JOSHUA MEHIGAN, Accepting the Disaster


New York, Farrar Straus Giroux, 2014, pp. 82, $23.00

Joshua Mehigan’s collection Accepting the Disaster comes a full ten years after his well-received first one, The Optimist. The title seems a kind of ironic nod towards the experience gained in the intervening decade, even though the earlier book already had its full share of irony. The voice is recognizably the same, the technical skills are just as assured, but Mehigan has acquired an even greater range and depth.

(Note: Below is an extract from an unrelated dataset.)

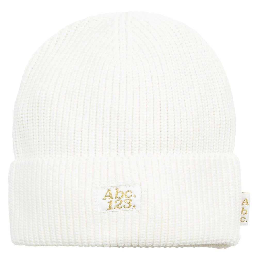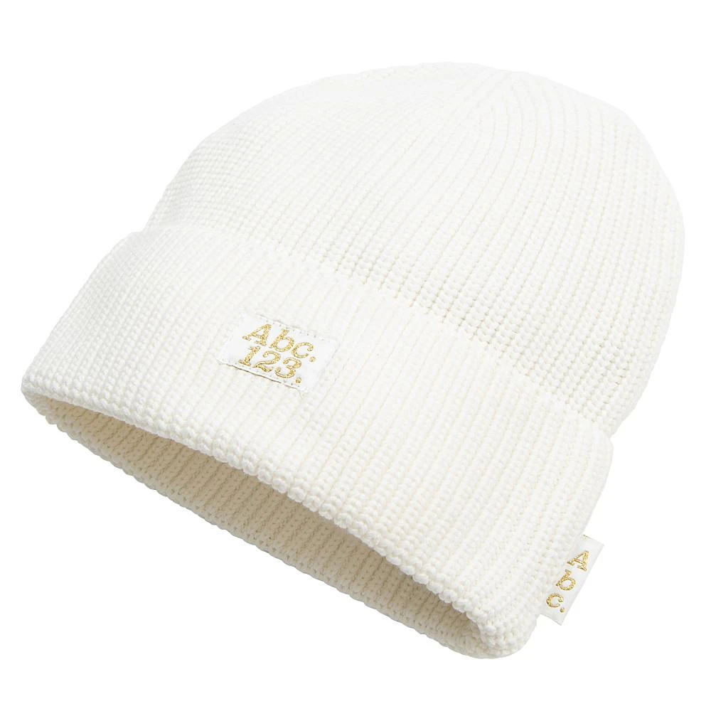 Ribbed beanie custom knit on Abc.123. fall-winter color palette. Features include tonal 100 denier damask woven Abc. 123. patch label and flag label with metallic gold thread, and interior main label w/ CLG code.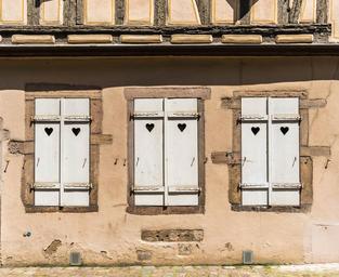 Keywords: heart shutter facade nostalgia home old protection old house truss architecture wood colmar france alsace

He already had a gift for the stunning last line: «Wish is the word that sounds like what wind means» was the knock-out conclusion of the first poem in The Optimist. In this new book there is nothing quite so showily brilliant; the last lines here, rather, are masterpieces of laconic understatement: «Nothing here ever changes, till it does.» «The worst thing that can happen happened here.»

In each of these cases the lines thwart our desire for a flashy denouement and force us to re-read the poem to appreciate the full significance of their apparent tautology. «You might not know it was unless you knew» concludes one of the two triolets in the volume (The Optimist also contained one), entitled The Crossroads:

This is the place it happened. It was here.
You might not know it was unless you knew.
All day the cars blow past and disappear.
This is the place it happened. It was here.
Look at the sparkling dust, the oily smear.
Look at the highway marker, still askew.
This is the place it happened. It was here.
You might not know it was unless you knew.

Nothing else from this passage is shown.